Monday, January 27, 2014

Marie C. reviews Saving Mozart by Raphael Jerusalmy

Saving Mozart, by Raphael Jerusalmy. Published 2013 by Europa Editions.

Saving Mozart is a short, epistolary novel made up of the journals and letters of Otto Steiner, an elderly music critic slowing dying of tuberculosis in a nursing home in Germany between 1939 and 1940. He is a non-practicing Jew and lives in constant anxiety of being found out, but he has a lot of other problems besides that, including deteriorating finances, worsening living conditions, the death of friends and crumbling health. The only thing that keeps him going is music- his records and phonograph, his memories of music and his ability to participate in public musical life.
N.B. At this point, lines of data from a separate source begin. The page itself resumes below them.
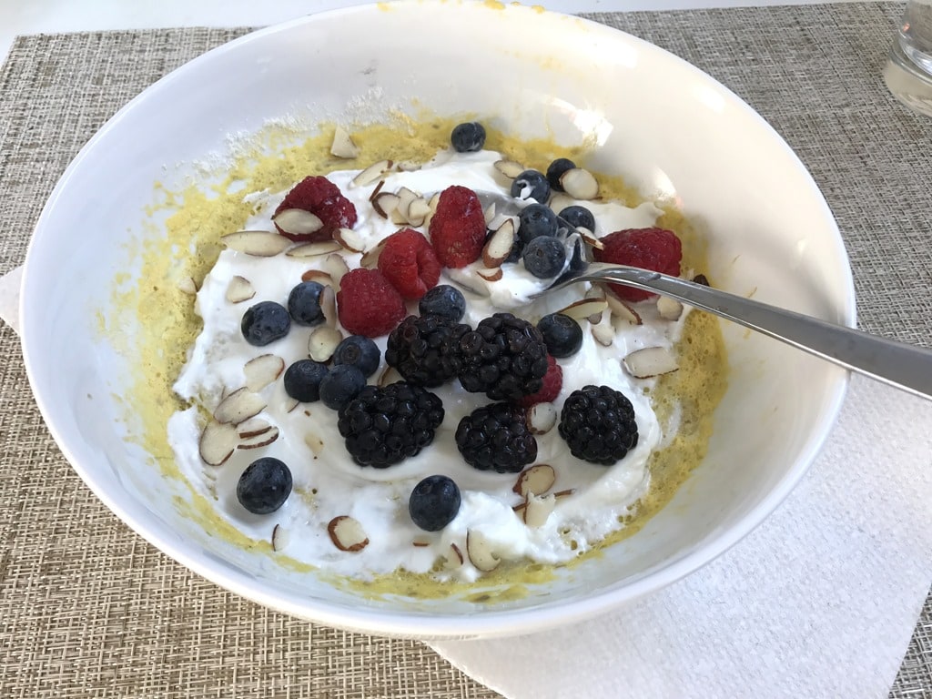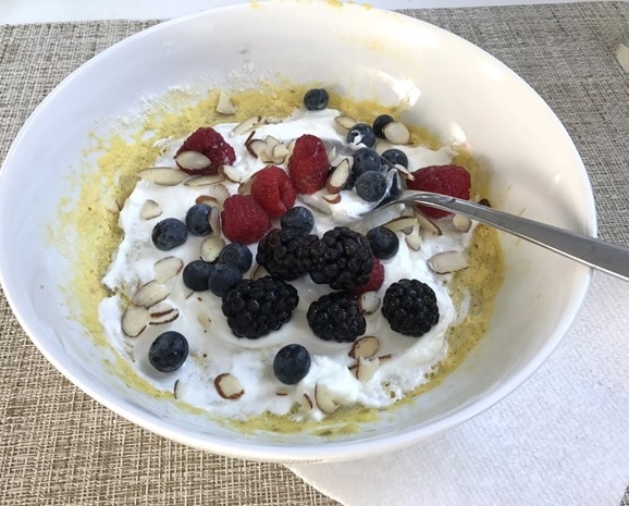 On the breakfast front this week, I’ve been having my two standard favorites – microwave banana oatmeal (topped with cottage cheese and berries) and my flour free breakfast pancake (microwave version), topped with yogurt, berries, and some slivered almonds for extra staying power.
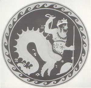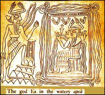 Their chosen commander, and son of Nibiru’s ruler, was a brilliant scientist and engineer, originally named He Whose House is Water (Ea), depicted as being a fish-man, fishgoat, and provider of fish (cerulean zodiac signs assoc. w/activities/reign of Ea: prototype Aquarius; also assoc. w/Capricorn and Pisces) [may explain the Sumerian epithet for founder of Eridu: “sheep of the glittering waters” (Alulim)], who later acquired the title Lord of Earth (Enki) (reigned in Eridu 8 sars = 28,800 years; Sumerian King Lists) after establishing Eridu, and nicknamed He Who Fashions Things (Nudimmud). He has been depicted as most Sumerian deities were with a horned headdress, but also surrounded by interconnected flasks. Enki endeavored in the construction of extraordinary waterworks (ie. canals, dykes, ditches, structures, water purification) in the marshlands at the head of the Persian Gulf (“Myth of Enki and Eridu,” named by S.N.Kramer; “Myth of Enki and the Land’s Order”).
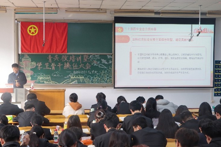 院长任雁宣读了新一任学生骨干聘任决定,与会嘉宾为受聘学生骨干颁发聘书,并为新团员佩戴团徽。院团委书记李晓彧就本学年青共校培训的整体安排作了详细说明。学生骨干代表赵宗驿发言,表达了对组织培养的感谢以及未来履职尽责的决心;学员代表胡依带领全体学员庄严宣誓,承诺将以饱满的热情投入学习和工作中,不负时代使命。
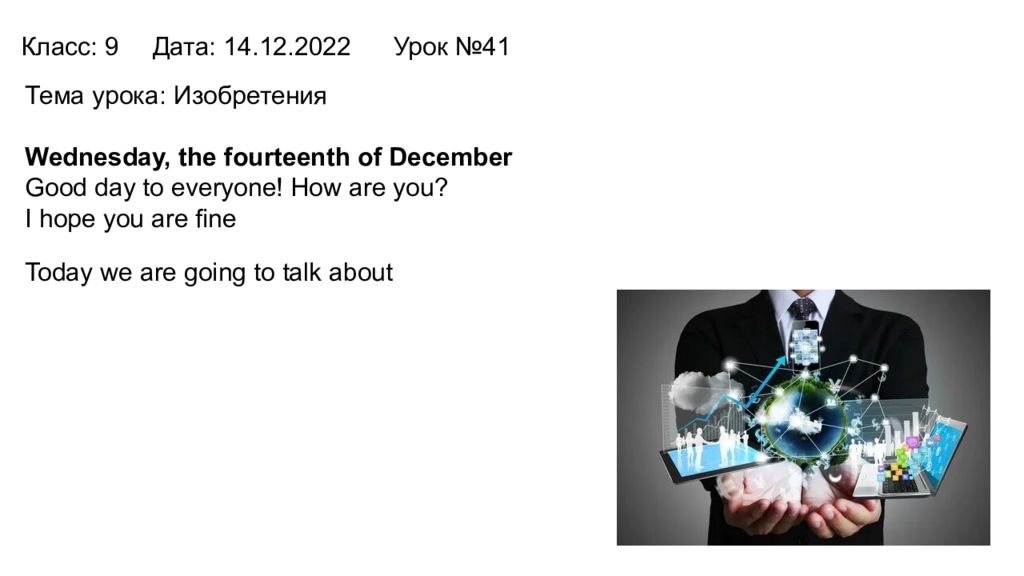 Последний слайд презентации: Класс: 9 Дата: 14. 12.202 2 Урок № 41 Тема урока : Изобретения Wednesday, the

His friend Hans is his link to the outside world, and when the book opens Steiner is still able to attend concerts and publish articles but over time he becomes more and more isolated. His isolation is reflected conversely in his living conditions; as he becomes more cut off financially and socially from the outside world he transitions from a bed in a single room to one in a shared ward. Introverts like Steiner can be alone in a room full of people and most fully connected to themselves when by themselves.

Above all though Steiner loves music and the music of Mozart most of all. So he is naturally very upset to learn that Mozart's music will be featured at an annual concert that will also function as a propaganda opportunity for the Nazis whom Steiner detests. And so he comes up with a way to make a very public statement at this event, a statement which may go undetected by the very people it was meant to show up, but not by all.

Saving Mozart is a quick read about a topic familiar to many readers but it is an original take on the subject at the same time. I enjoyed the suspense as events lead up to the concert, and the suspense over the changes in Otto's life and fate. It is a moving testimony to an act of rebellion and the refusal of one person to be cowed by or submit to cruelty and horror. Jerusalmy keeps us tottering on a precipice. We know what could happen, what is happening in the background. The musicians play not as Rome burns but as people do.

Rating: BACKLIST

This is my first book for the 2014 Europa Challenge. I received the book for review from Europa Editions.